- Constituency: Biharsharif Assembly constituency

Member of the Bihar Legislative Assembly
- In office 1977–1980
- In office 1980–1985
- In office 1990–1995
- In office 1995–2000

Personal details
- Party: Janata Dal
- Other political affiliations: Communist Party of India Bharatiya Janata Party

= Deo Nath Prasad =

Former minister in Government of Bihar

Deo Nath Prasad (Hindi: देव नाथ प्रसाद) was an Indian politician, who served as Member of Bihar Legislative Assembly for four terms. He won the assembly elections to become a member of Bihar Legislative Assembly in 1977, 1980, 1990 and 1995. Prasad was a member of Janata Dal, and he held ministerial posts in Lalu Prasad Yadav's cabinet.

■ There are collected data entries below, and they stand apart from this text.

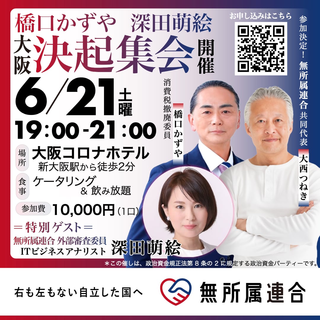 【告知】 無所属連合 大阪 決起集会 に 深田萌絵 (もえP)さんが来阪決定! ✨ 大西つねき 共同代表も参加決定✨ 「橋口かずや 深田萌絵 決起集会」開催! なんと!大阪のただのおっさん 橋口かずや が 決起集会を開催します! 恐れ多くも、深田萌絵 さんがスペシャルゲストで登場! 何が起きるかお楽しみに❤️ さらに! ✨大西つねき 共同代表 も参加いただけることになりました✨ ■ 概要 ■ 6月21日緊急!決起集会が決定しました。 「橋口かずや 深田萌絵 決起集会」はこの夏に行われる参議院選挙の選挙資金を支援者の皆様に、ご協力をお願いするための政治資金パーティーとなります。 日時:2025年6月21日土曜日 19時〜21時 場所:大阪コロナホテル 住所:大阪府大阪市東淀川区西淡路1丁目3番21号 食事:ケータリング&飲み放題 参加費:10,000円(一口) 【主催者】 橋口かずや (無所属連合 消費税改革委員) 【登壇者】 大西つねき (無所属連合 共同代表) 【特別ゲスト】 深田萌絵 (ITビジネスアナリスト YouTube番組プロデューサー) *この催しは、政治資金規正法第 8 条の 2 に規定する政治資金パーティーです。 ※決済手数料は、ご購入さまのご負担となります。 あらかじめご了承をお願い申し上げます。 お申し込みはこちら(政治団体 ありがとう 公式ホームページ) https://arigatou.jp.net/ 当日は、寄付スペースを設けます。 以下のURLより事前にご寄付をお振込いただくことも可能です。 ※ 橋口かずや 率いる 政治団体 ありがとう ※ ■政治団体 ありがとう 寄付ページ(橋口かずや 政治及び選挙の活動に使用されます。) https://docs.google.com/forms/d/e/1FA... ※当団体(政治団体 ありがとう)は明瞭会計を心がけ通帳開示しております。 https://arigatou.jp.net/ 公式サイトのトップページ「党資金報告書」からご確認いただけます。 (随時更新しております 反映までお待ちください。) みなさまの温かなご支援賜りますと幸いです。 ーー 【無所属連合情報】 ■無所属連合 公式ホームページ https://mushozoku.jp/ ■無所属連合 街宣告知アカウント X(旧Twitter) https://x.com/utsumin_gaisen みんなで盛り上げていきましょう! ■無所属連合 寄付ページ https://mushozoku.jp/donations/ #無所属連合 #大西つねき #橋口かずや #深田萌絵 #深田もえ
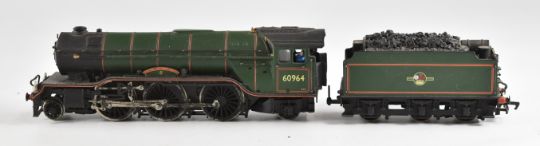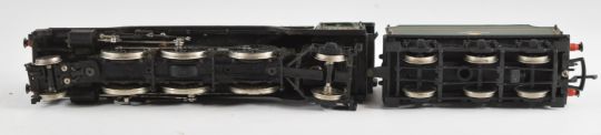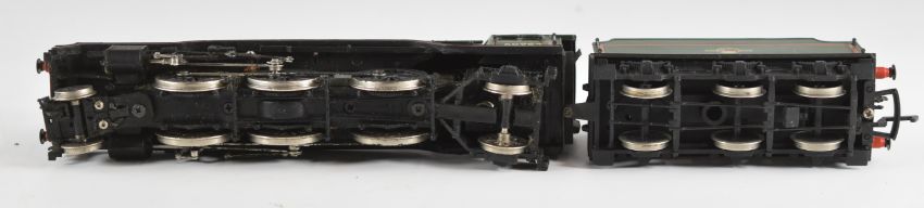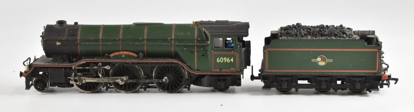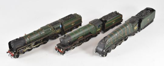 Three 00 gauge model railway steam tender locomotives comprising Hornby A4, Bachmann V2 and kit built Morning Star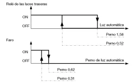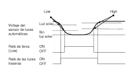 En caso de fallo: Si las luces automáticas fallan, deben encenderse los faros aunque sea de día y haya luz. Lo anterior está diseñado para evitar un cortocircuito en el faro cuando el fallo ocurre durante la noche. |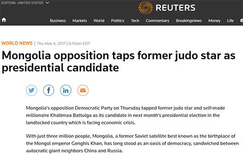 Эдийн засаг нь хямарсан далайд гарцгүй орон болох Монголын сөрөг хүчин Ардчилсан нам ирэх сард болох Ерөнхийлөгчийн сонгуульд Халтмаагийн Баттулгыг нэр дэвшүүллээ. Баттулга нь жудо бөхийн од байсан бөгөөд өөрийн хүчээр саятан болсон нэгэн.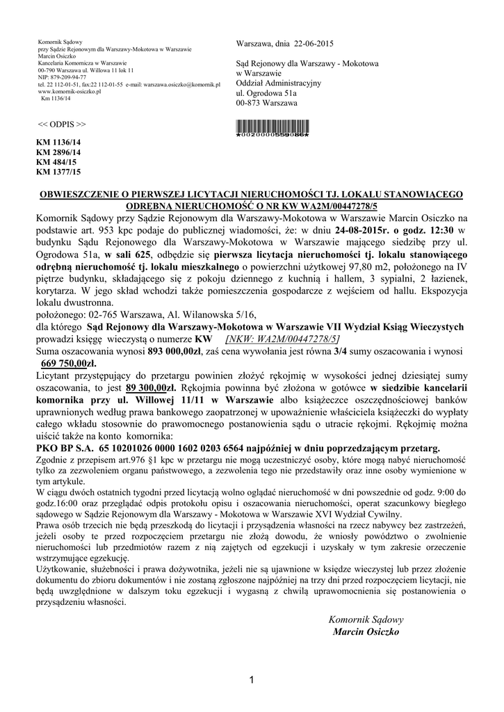 Komornik Sądowy przy Sądzie Rejonowym dla Warszawy-Mokotowa w Warszawie Marcin Osiczko Kancelaria Komornicza w Warszawie 00-790 Warszawa ul. Willowa 11 lok 11 NIP: 879-209-94-77 tel. 22 112-01-51, fax:22 112-01-55 e-mail: [email protected] www.komornik-osiczko.pl Km 1136/14 Warszawa, dnia 22-06-2015 << ODPIS >> *0020000559086* Sąd Rejonowy dla Warszawy - Mokotowa w Warszawie Oddział Administracyjny ul. Ogrodowa 51a 00-873 Warszawa KM 1136/14 KM 2896/14 KM 484/15 KM 1377/15 OBWIESZCZENIE O PIERWSZEJ LICYTACJI NIERUCHOMOŚCI TJ. LOKALU STANOWIĄCEGO ODRĘBNĄ NIERUCHOMOŚĆ O NR KW WA2M/00447278/5 Komornik Sądowy przy Sądzie Rejonowym dla Warszawy-Mokotowa w Warszawie Marcin Osiczko na podstawie art. 953 kpc podaje do publicznej wiadomości, że: w dniu 24-08-2015r. o godz. 12:30 w budynku Sądu Rejonowego dla Warszawy-Mokotowa w Warszawie mającego siedzibę przy ul. Ogrodowa 51a, w sali 625, odbędzie się pierwsza licytacja nieruchomości tj. lokalu stanowiącego odrębną nieruchomość tj. lokalu mieszkalnego o powierzchni użytkowej 97,80 m2, położonego na IV piętrze budynku, składającego się z pokoju dziennego z kuchnią i hallem, 3 sypialni, 2 łazienek, korytarza. W jego skład wchodzi także pomieszczenia gospodarcze z wejściem od hallu. Ekspozycja lokalu dwustronna. położonego: 02-765 Warszawa, Al. Wilanowska 5/16, dla którego Sąd Rejonowy dla Warszawy-Mokotowa w Warszawie VII Wydział Ksiąg Wieczystych prowadzi księgę wieczystą o numerze KW [NKW: WA2M/00447278/5] Suma oszacowania wynosi 893 000,00zł, zaś cena wywołania jest równa 3/4 sumy oszacowania i wynosi 669 750,00zł. Licytant przystępujący do przetargu powinien złożyć rękojmię w wysokości jednej dziesiątej sumy oszacowania, to jest 89 300,00zł. Rękojmia powinna być złożona w gotówce w siedzibie kancelarii komornika przy ul. Willowej 11/11 w Warszawie albo książeczce oszczędnościowej banków uprawnionych według prawa bankowego zaopatrzonej w upoważnienie właściciela książeczki do wypłaty całego wkładu stosownie do prawomocnego postanowienia sądu o utracie rękojmi. Rękojmię można uiścić także na konto komornika: PKO BP S.A. 65 10201026 0000 1602 0203 6564 najpóźniej w dniu poprzedzającym przetarg. Zgodnie z przepisem art.976 §1 kpc w przetargu nie mogą uczestniczyć osoby, które mogą nabyć nieruchomość tylko za zezwoleniem organu państwowego, a zezwolenia tego nie przedstawiły oraz inne osoby wymienione w tym artykule. W ciągu dwóch ostatnich tygodni przed licytacją wolno oglądać nieruchomość w dni powszednie od godz. 9:00 do godz.16:00 oraz przeglądać odpis protokołu opisu i oszacowania nieruchomości, operat szacunkowy biegłego sądowego w Sądzie Rejonowym dla Warszawy - Mokotowa w Warszawie XVI Wydział Cywilny. Prawa osób trzecich nie będą przeszkodą do licytacji i przysądzenia własności na rzecz nabywcy bez zastrzeżeń, jeżeli osoby te przed rozpoczęciem przetargu nie złożą dowodu, że wniosły powództwo o zwolnienie nieruchomości lub przedmiotów razem z nią zajętych od egzekucji i uzyskały w tym zakresie orzeczenie wstrzymujące egzekucję. Użytkowanie, służebności i prawa dożywotnika, jeżeli nie są ujawnione w księdze wieczystej lub przez złożenie dokumentu do zbioru dokumentów i nie zostaną zgłoszone najpóźniej na trzy dni przed rozpoczęciem licytacji, nie będą uwzględnione w dalszym toku egzekucji i wygasną z chwilą uprawomocnienia się postanowienia o przysądzeniu własności. Komornik Sądowy Marcin Osiczko 1

Earlier, he was given the science and technology ministry by Yadav, however, later he was appointed as Minister for Law. Prasad used to contest assembly elections from Biharsharif Assembly constituency.

==Biography==
Prasad was a member of Koeri caste, and he served as Minister for Science and Technology in the cabinet of Rabari Devi. He was later transferred to Law ministry as the incumbent minister on the orders of Lalu Prasad Yadav. In August 1999, Prasad was among the three dissident Rashtriya Janata Dal legislator, who were participants in the drive of Janata Dal (United) and National Democratic Alliance to oust Lalu Prasad Yadav from power in the state of Bihar. In the election campaign of Janata Dal (United), Prasad participated with the claims of revealing the inaptitude of Rabari Devi's government. In response, he was dismissed from Rashtriya Janata Dal and Rabari Devi was reported to have recommended to Governor to take action against him.